**YOUR GOAL:** Pictures aside, every line of the listing should be given again exactly.

**MATERIAL PROVIDED:**

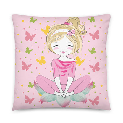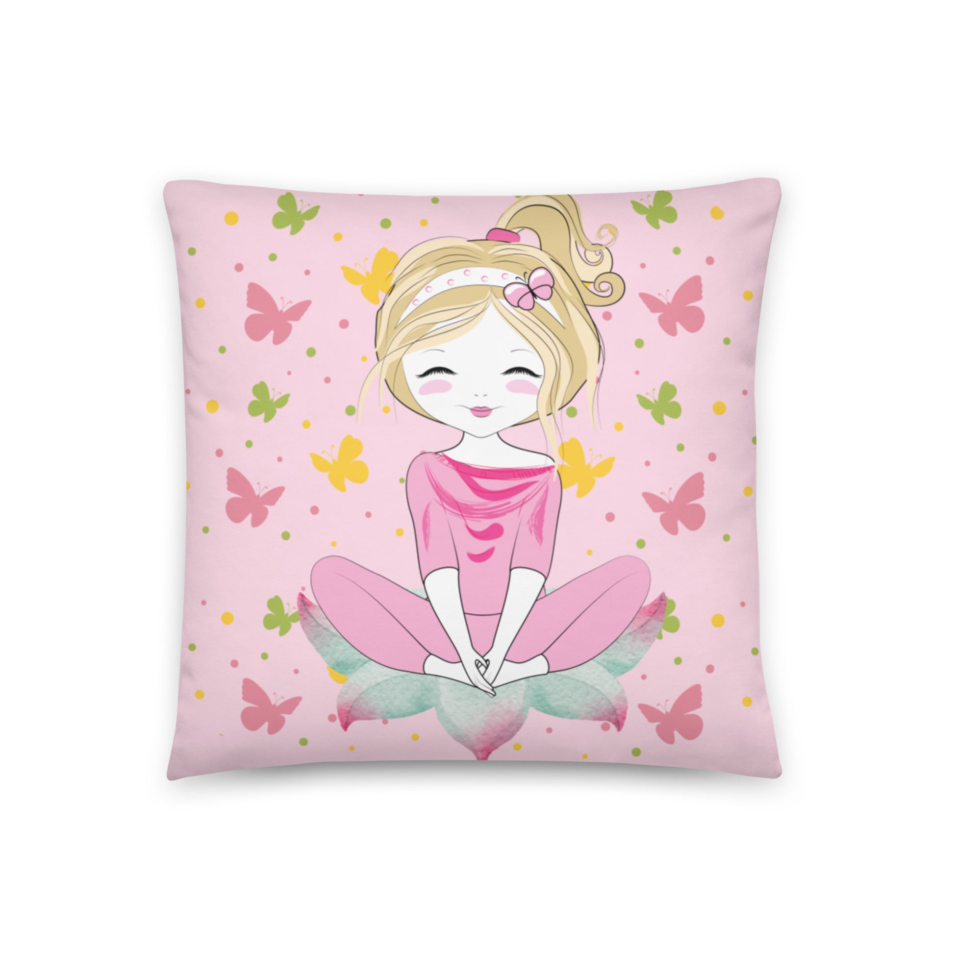 A strategically placed accent can bring the whole room to life, this meditating girl and butterflies pillow is just what you need to do that. What's more, the soft, machine-washable case with the shape-retaining insert is a joy to have long afternoon naps on. Makes a great gift for butterfly lovers and for a girls room.
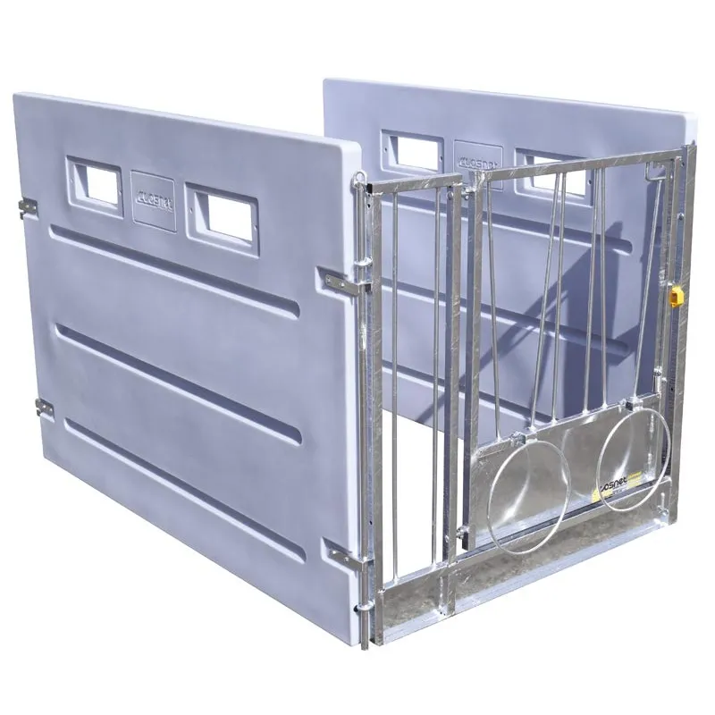 - Monoblock dichten Seitenwänden aus Kunststoff, Stifte inbegriffen, entsprechend den europäischen Vorschriften und den Empfehlungen der Landwirtschaftskammer so konzipiert, dass der Kontakt zwischen den Kälbern unterhalb von 900 mm über dem Boden vermieden wird.
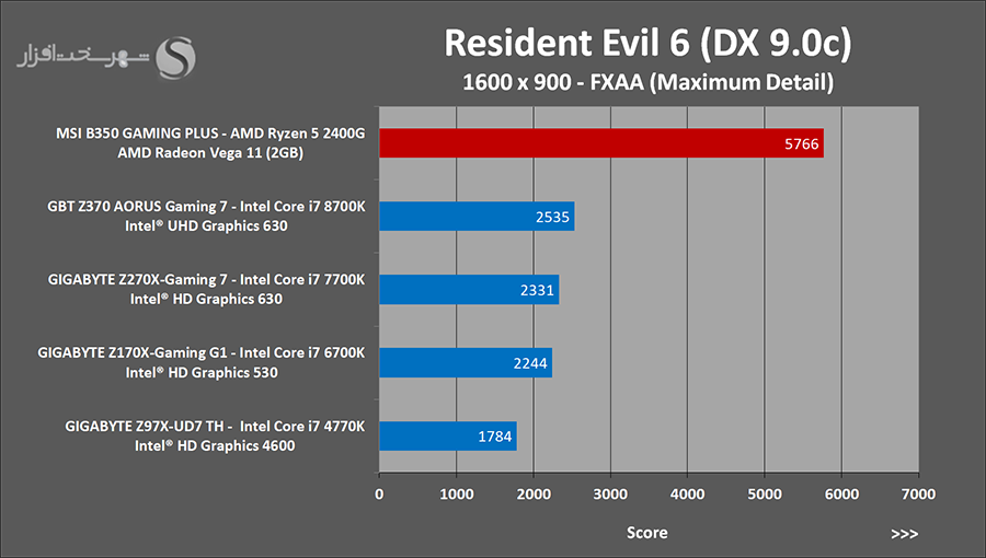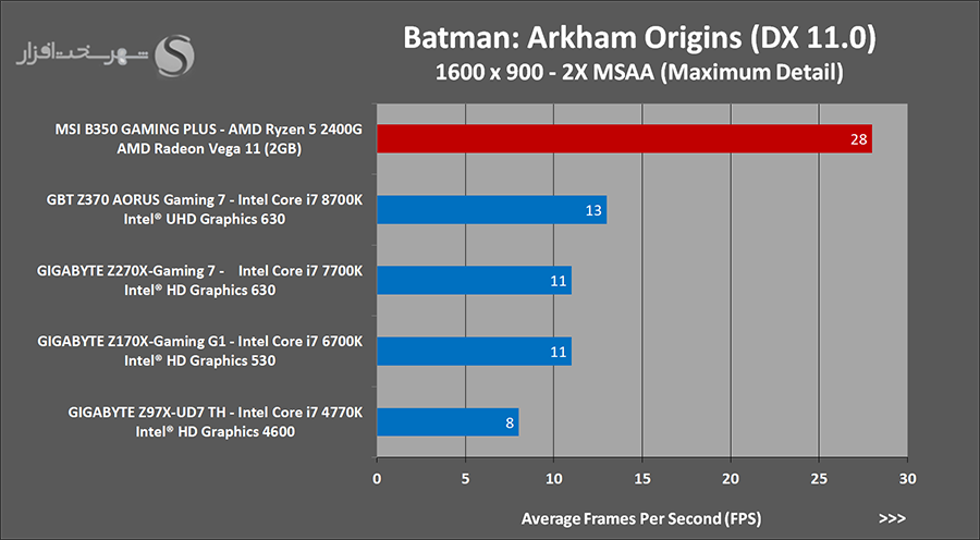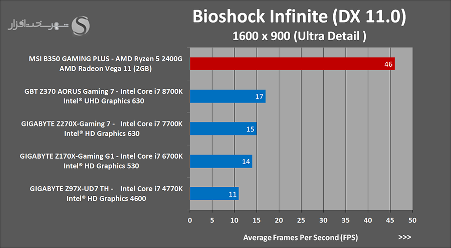 به وضوح مشخص است که در این حالت کارایی این IGP تقریباً حتی از کارت گرافیک مجزا NVIDIA GeForce GT 1030 2GB نیز فراتر رفته است .

**ANSWER BOX:**
 A strategically placed accent can bring the whole room to life, this meditating girl and butterflies pillow is just what you need to do that. What's more, the soft, machine-washable case with the shape-retaining insert is a joy to have long afternoon naps on. Makes a great gift for butterfly lovers and for a girls room.
 - Monoblock dichten Seitenwänden aus Kunststoff, Stifte inbegriffen, entsprechend den europäischen Vorschriften und den Empfehlungen der Landwirtschaftskammer so konzipiert, dass der Kontakt zwischen den Kälbern unterhalb von 900 mm über dem Boden vermieden wird.
 به وضوح مشخص است که در این حالت کارایی این IGP تقریباً حتی از کارت گرافیک مجزا NVIDIA GeForce GT 1030 2GB نیز فراتر رفته است .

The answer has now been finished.